Над Кабулом чужие звезды - Михаил Кожухов Страница 8
Над Кабулом чужие звезды - Михаил Кожухов читать онлайн бесплатно
А вот в «модуль» эскадрильи, в свою комнату, Шипунов меня не пустил.
— Летчики, — буркнул он, — народ суеверный. Посторонним вход сюда запрещен.
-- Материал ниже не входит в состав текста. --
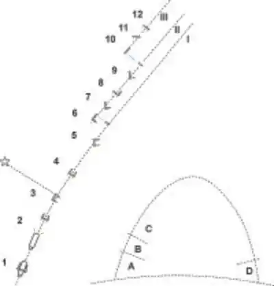 6 — відділення бойового блоку, включаючи бойову ступінь (умовно показано розташування блоку розведення на траєкторії польоту другого бойового блоку, насправді він виходить на неї протягом роботи на ділянці 8);

Мне потом рассказал Устинов: Александр отлично режет по дереву, не комната у него — музей. Жаль, я не видел.
Октябрь 1985 г.
P. S.
Честно говоря, не на шутку разозлился я тогда на Шипунова. Не ради собственного удовольствия в конце концов я прилетел в этот проклятый Кандагар, не от нечего делать мучил его расспросами. Оба мы на работе, мог бы и порассказать что-нибудь ради общего дела. Сев же за машинку, решил взять грех на душу: отомстить за шипуновскую неразговорчивость. И в материале приврал, сочинив фразу, которую Шипунов не произносил, когда зашивали его в госпитале после ранения, хотя и мог бы, — про то, что «ему еще жениться». Мой коварный расчет оказался верным. Очерк о вертолетчике, опубликованный в «Комсомольской правде», вызвал обвал женской почты. Письма были очень разными: и просто фотографии с адресами симпатичных блондинок и брюнеток. И очень трогательные, обжигающие болью исповеди женщин, на долю которых выпали невзгоды, одиночество, беда. Заканчивались же они одинаково: просьбой переслать их Саше. Так я и поступил, разузнав его новый адрес на Дальнем Востоке, куда Шипунов был направлен после возвращения из Афганистана. Упаковал письма в две толстые бандероли и не удержался, сделал ехидную приписку. Мол, если что-нибудь хорошее из всего этого получится, то жду приглашения на свадьбу — как-никак, и моя в том заслуга!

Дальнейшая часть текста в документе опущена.